Snapshots of how I’ve spent my week (In no particular order)
- We went into a fortune teller last Thursday. I swear it is kind of distracting really. I won’t tell her predictions anymore. The fortune teller’s words kept ringing in my ears, however. I don’t want believe in any of that stuff though. But there are legit fortune tellers and psychics who can foretell your future based on the vibrations that they are able to detect, and I can’t discredit them. Some people find comfort in hearing of their good fortune, and that in itself will set their vibration to a higher level. However, as I said, I personally believe we have the ultimate control over our own lives.
- For the past few days I’ve been getting text messages, private messages, calls and tweets about how people in my life’s been missing me so much. And it was just indeed, overwhelming. There were unexpected friends whom I can not even imagine of bothering themselves texting/calling me asking how am I doing and that they know I can surely do it in school just like anybody else. My heart’s jumping, for God’s sake. There are a lot of people who loves me more than I can think of.
- Aaron’s grandma died last Monday. I want to be beside him during this times of grief. Sure, I tried to. I told him I can skip school this weekends and go there instead. But he doesn’t want to ‘coz he can’t let me travel on my own. I know this will never be easy for him. And I believe this is not the time for him to handle all this on his own, I can go there anytime whenever he asks me to.
- Prelim’s finally over. It has been a crazy journey so far. Pressure was on to say the least. I have always had to work so hard, and even then it does not always pay off. I feel tired and cranky, sleep. Or lack thereof. A full sleep cycle is about 3 hours long and I am waking up every 2 hours. ‘Coz If I don’t I’ll start to cram up the moment I woke up and Bang! Surely, I will fail the test. But everything’s under control. Manage your study time, as they say.
Most things will be okay eventually, but not everything will be. Sometimes you’ll put up a good fight and lose. Sometimes you’ll hold on really hard and realize there is no choice but to let go.
I was brought at the hospital yesterday.
Though I’m feeling a bit okay for now. For God’s sake, I need to be okay.
Going to log out and stay logged out for a long time.
I’m going to move into my dorm tomorrow after lunch. Cause I already have a class on Wednesday at 7 AM. I need to pack up my stuff so It won’t be a lot more stressful tomorrow.
Now, I want to focus with my studies more since my subjects this semester are a lot more difficult and toxic than those of my previous semesters, So I will give better notice about my everyday life as soon as I can.
Raging fucking pissed
I bust out into tears last night.
What the fuck do you think - I have no brain in my skull? Of course I fucking goes in a fucking meaningful direction you fuckface. I don’t know how to figure out what your expectations should be when I am dealing with all this pain at the same time.
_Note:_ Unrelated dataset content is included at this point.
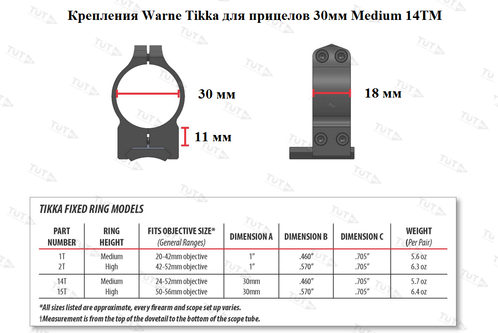 - Крепление Warne Tikka 30 mm Medium 14TM – 2 шт.
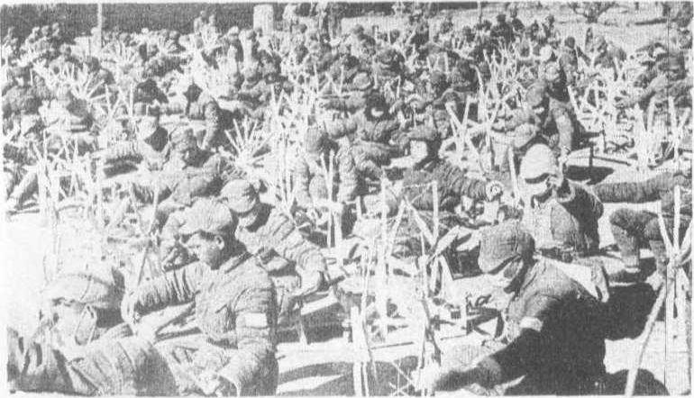 边区军民纺线 大生产运动以发展农业生产为主,同时发展工业、手工业、运输业、畜牧业和商业。 在中共中央的号召下,陕甘宁边区的部队、机关、学校和广大群众最先投入了生产运动。1941年3月,八路军第三五九旅开进南泥湾屯垦。他们一边战斗,一边生产,1941年开荒种地11200亩,1942年达26800亩,1943年达到粮食、经费自给有余,成为全军大生产运动的一面旗帜。从1941年到1943年,经过三年的艰苦创业,陕甘宁边区实现了粮食全部自给,棉花自给50%,基本克服了根据地的经济困难,军民生活得到了显著改善。 其他根据地的军民,按照中共中央“劳力与武力相结合”、“战斗与生产相结合”的方针,在艰苦的战斗环境中也都因地制宜地开展了大生产运动,并取得了重大成绩。如晋绥、北岳、胶东、太行、太岳、皖中6个地区到1943年就增加耕地600多万亩。太行区的部队和机关,做到自给粮食3个月和全年蔬菜。 大生产运动使各抗日根据地克服了严重的财政经济困难,减轻了人民负担,改善了军民生活,为争取抗战胜利奠定了坚实的物质基础;同时密切了党政军民关系,锻炼了广大干部,积累了经济建设经验。 ☚ 精兵简政 整风运动 ☛ 大生产运动 大生产运动Dashengchan yundong抗日战争时期,中国共产党领导解放区军民开展的大规模生产运动。1941年,中共中央号召抗日军民开展大规模生产运动。王震率领八路军第三五九旅开赴陕北南泥湾,开荒种地,取得了很大的成绩,是部队生产的一面红旗。在中国共产党的领导下,大生产运动迅速扩大到敌后各解放区,抗日军民的大生产运动取得了伟大的成绩。大生产运动的开展,使各解放区军民战胜了由于日本帝国主义的进攻、国民党顽固派的经济封锁以及自然灾害所造成的严重物资困难,解放区的财政经济得到恢复和发展,改善了军民生活,提高了部队战斗力,巩固和发展了抗日根据地,为夺取抗日战争胜利奠定了基础。 ☚ 第三次反共高潮 延安整风运动 ☛ 大生产运动1941年起由于日军的“扫荡”和国民党的封锁,抗日根据地的财政经济遇到很大困难。陕甘宁边区的部队和机关较早地开展生产运动,把农民群众也组织起来发展生产。1942年开始,各根据地党政军民学普遍地开展了这项大生产运动,使共产党领导的革命力量渡过了严重经济困难,而且积累了领导经济工作的经验。 大生产运动指中国共产党领导的抗日民主根据地军民同时发动的大规模生产运动。1941年和1942年是中国人民抗战最艰苦的时期,财政经济遇到了极大的困难,出现了机关部队人员几乎没有吃穿的严重局面。毛泽东及时提出了“发展经济,保障供给”的经济和财政工作的总方针,各根据地军民开展了大规模的生产运动。人民群众通过减租减息和互助合作发展了农业生产,部队机关开展了自给性的生产运动。“自己动手,丰衣足食”,减轻了人民的负担,密切了军民关系,渡过了难关,为抗战胜利准备了物质基础。 大生产运动抗日战争时期解放区军民开展的大规模生产运动。1941年解放区在日本帝国主义的野蛮进攻、残酷“扫荡”和国民党顽固派的军事包围、经济封锁下,经济和财政发生了极大困难。针对这种情况,中共中央提出“发展经济、保障供给”的经济和财政工作总方针,号召解放区军民开展大生产运动。当时的生产模范八路军第359旅一手拿枪、一手拿锄,为边区军民做出了榜样。接着各级抗日民主政权以及根据地的军民纷纷响应党中央号召,在发展农业的同时,还办起了许多自给性工业和商业。这一运动不仅打破了国民党军队的经济封锁,使解放区克服了严重的财政经济困难,而且还改善了军民生活,减轻了人民负担,密切了军民关系,为抗日战争的胜利准备了物质基础。 大生产运动抗日战争时期中国共产党领导根据地军民开展的生产自救运动。其中陕甘宁边区最为典型。 大生产运动抗日战争时期中国共产党领导抗日根据地军民努力发展生产的群众运动。抗日战争进入相持阶段后,日军对敌后抗日根据地展开了残酷的“扫荡”,国民党又对根据地实行经济封锁,根据地财政、经济出现严重困难。为战胜困难、坚持持久抗战,中共中央提出“发展经济,保障供给”的口号,并要求一切军队在不妨碍作战的条件下,都要进行生产自给运动,自己动手改善自己的生活,减轻人民负担。大生产运动从陕甘宁边区开始,推广到各根据地。各地军队、机关和学校都组成庞大的生产大军,开垦荒地,种植粮棉,解决军民的衣食问题。1943年,陕甘宁边区部队开荒种地面积达到21.5万亩,产粮3万石, 产蔬菜2300万斤。1942年后根据地财经状况好转,政府立即减轻人民负担。陕甘宁边区农民所交的公粮,1941年占总收获量的13.58%,1942年降至11.14%,1943年更降为不足9%。从1943年起,敌后各根据地的机关一般能自给两三个月,甚至半年的粮食和蔬菜,实现了“自己动手,丰衣足食”的要求。大生产运动克服了根据地财政、经济的严重困难,为抗战胜利奠定了物质基础;它还增强了军民、官兵、军政团结,培养、锻炼了一批领导工农业生产的干部和专门技术人才,具有重大的历史意义。 大生产运动 大生产运动抗日战争时期中国共产党领导解放区军民开展的大规模生产运动。1939年后日寇对抗日根据地进行大规模残暴扫荡,同时国民党反动派连续掀起三次反共高潮,停发八路军、新四军给养,实行严密经济封锁,使

So right now, I’m all super sensitive to everything people say and hyper-analyzing their interactions with me. I want to be the shit of out people. I can feel my arm muscles tightening up and fists forming. I feel solid, like steel. My jaw set, my voice low, my eyes piercing. Biting comments are jumping off the edge of my tongue, and I’m ready.
Other times I want to run far away stop time so that I don’t have to deal with solids and crawling and signing.
But I never run away. And I never fight. I smile. I fake it till I make it.